Acceptability, feasibility, and efficacy of telehealth interventions for HIV testing and treatment in adult populations


Introduction: The emergence of severe acute respiratory syndrome coronavirus 2 (SARS-CoV-2) led to the rapid adoption of telehealth to provide HIV care and treatment. However, limited information exists about the feasibility, acceptability, and efficacy of telehealth interventions at different points of the HIV care continuum. Methods: A systematic search was conducted of Ovid MEDLINE, PsycINFO, and CINAHL databases to synthesize evidence regarding the feasibility, acceptability, and efficacy of videoconferencing and video-based interventions for HIV testing and treatment in adult populations. Seventeen articles published through July 2021 were included in the review. We used descriptive methods to analyze data, and findings were reported using frequencies and percentages. Results: Findings show that videoconferencing and video-based interventions are generally feasible and acceptable. Videoconferencing is effective in improving adherence to HIV treatment and in promoting HIV testing. In addition, video-based interventions were effective in promoting HIV testing, treatment initiation, and adherence to medication. Both modalities enhanced linkage and retention in treatment for HIV-positive patients. Conclusions: Video-based and videoconferencing interventions are beneficial in HIV testing and treatment. However, the scarcity of primary studies employing these telehealth modalities means that there is a need for more research in these areas.
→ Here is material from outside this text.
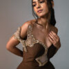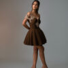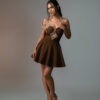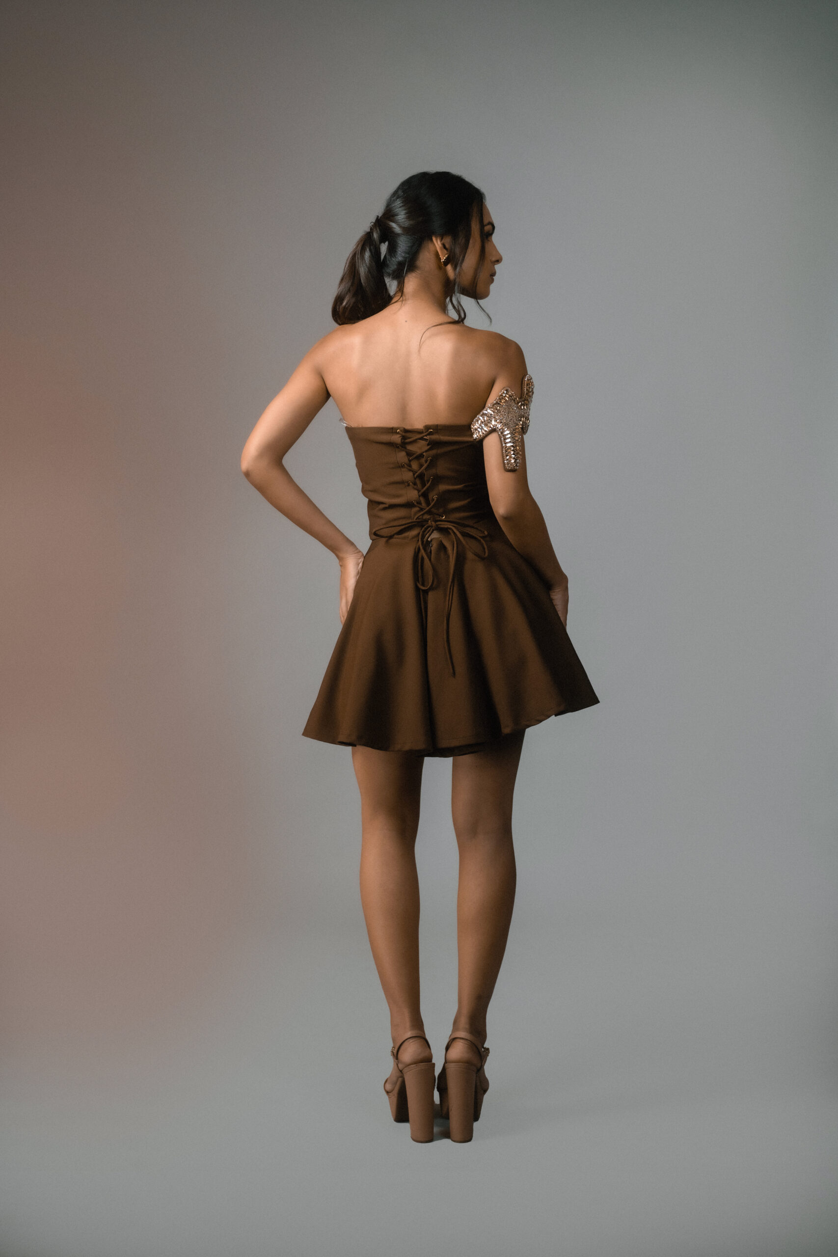 The Doll Daze Dress is your softest high: a one-shoulder cocoa-toned mini with sculpted bust cups and a twirl-worthy flared skirt. Gold-toned hand embroidery dances across the neckline in a whimsical wave, catching light with every move.

Also, reviewed studies suffered from several limitations, including reliance on subjective measures, lack of standardized ways of evaluating acceptability and feasibility, use of small sample sizes, and short follow-up durations. In addition, there was less representation of studies from resource-limited settings disproportionately affected by HIV and AIDS. Thus, future research should focus on addressing these challenges.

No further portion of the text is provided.